Extrait littéraire de 1889 où il est question de Cerdon (Ain) et du phylloxéra


Panorama sur Cerdon.

Cet extrait est tiré de : Le Petit Français illustré : journal des écoliers et des écolières, du 19 octobre 1889. Texte intitulé Le jardin de Pierre.

— M'sieu Georges, m'sieu Georges, une lettre pour vous !
— Merci, facteur ! Tiens, elle vient de Cerdon. C'est du cousin Aimé. Qu'est-ce qu'il me veut, le cousin Aimé ?
— Ouvre la lettre, papa, et tu le sauras, dit fort judicieusement mon fils Pierre qui semble très impatient.

J'ouvre donc et je lis :

« Mon cher cousin,
Deux mots seulement, parce que je suis excessivement occupé. Le raisin est mûr. La vendange va se faire. Vous nous feriez plaisir à tous si vous veniez nous aider. Pas de réponse et arrivez !
Nous vous embrassons tous mille et mille fois. » Aimé Loiseau.

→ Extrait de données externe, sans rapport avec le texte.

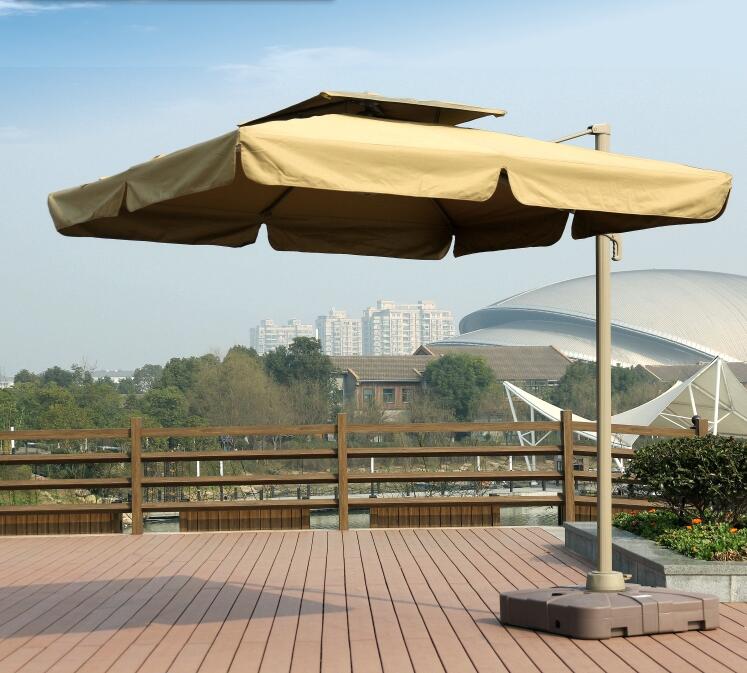 單邊傘傘座選用的是特制的大bai水箱底座,注水前是16KG,注水后du單邊傘專用水箱110KG左右,zhi86×86×20CM的規格,主體和座結合的設計,使其更顯得沉穩特色。傳統大理石底座運輸中費用高,易破損,使用中笨重不方便,菱角易磕傷人。我們的大水箱底座注水前是16KG,運輸和使用都很方便,抗壓抗摔抗老化,邊角都是弧形設計,不會磕傷人。單邊傘采用了二折傘模式,傘體可在水平位置旋轉360度,也可在垂直方向旋轉90度,也因此得名,精密的設計傳動機構系統,手搖或腳踩踏板旋轉,可升降傾斜,操作更顯簡便,一個人即可以方便地撐開和收攏。單邊傘適用范圍各種休閑場所、咖啡廳、別墅花園、露臺、茶坐、草坪、戶外、沙灘、酒吧街、商業街、門衛物業、湖邊釣魚、朋友聚會燒烤,最好的遮陽、旅游用品、是休閑遮陽的理想之選,也能使您漂亮的房子成為一道靚麗的風景線。
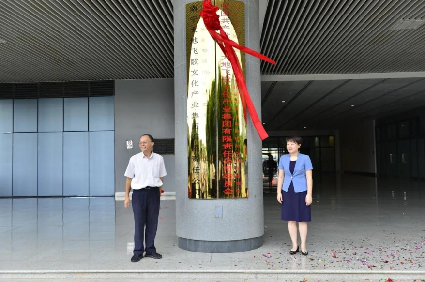 2020年6月16日,南寧大地飛歌文化產(chǎn)業(yè)集團(tuán)有限責(zé)任公司(以下簡稱大地飛歌集團(tuán))在廣西體育中心舉行揭牌儀式。南寧威寧集團(tuán)黨委副書記、總經(jīng)理,大地飛歌集團(tuán)黨委書記、董事長劉巧瑛與大地飛歌集團(tuán)黨委副書記、總經(jīng)理韋志民共同為公司揭牌。大地飛歌集團(tuán)黨委副書記、副總經(jīng)理梁凱主持揭牌儀式。

Pierre n'avait pas attendu la fin de la lettre pour s'élancer dehors et courir à la recherche de sa sœur, afin de lui apprendre la bonne nouvelle et de lui faire partager sa joie, dont la manifestation, quelque peu bruyante, avait fait fuir Médor au fond de sa niche et Mistigri au plus haut du toit.

Bientôt maître Pierre revenait accompagné de Lucette.
— Quand partons-nous, dis, papa ?
—Comment ? quand partons-nous ? A-t-on idée de ça ! Depuis quand demande-t-on quand on part avant de savoir seulement si l'on part ?... Et si je n'acceptais pas l'invitation du cousin Aimé ?

C'était un peu cruel, ce que je disais là ; car j'avais la ferme intention de ne point refuser l'aimable invitation du cousin ; mais que voulez-vous ? nous sommes ainsi faits, nous autres vilains papas, que de temps à autre nous éprouvons le besoin d'affirmer que nous sommes les maîtres. Alors nos enfants font une grosse moue bien triste, des larmes apparaissent au coin des paupières, et ils nous regardent si tristement que... dame, ma foi ! notre cœur se fond et, de maîtres, nous devenons esclaves.

Nous en sommes quittes pour nous rattraper en critiquant sévèrement et désapprouvant hautement la conduite de nos amis et connaissances, «  ces pères sans fermeté qui gâtent leurs enfants a-bo-mi-na-ble-ment ».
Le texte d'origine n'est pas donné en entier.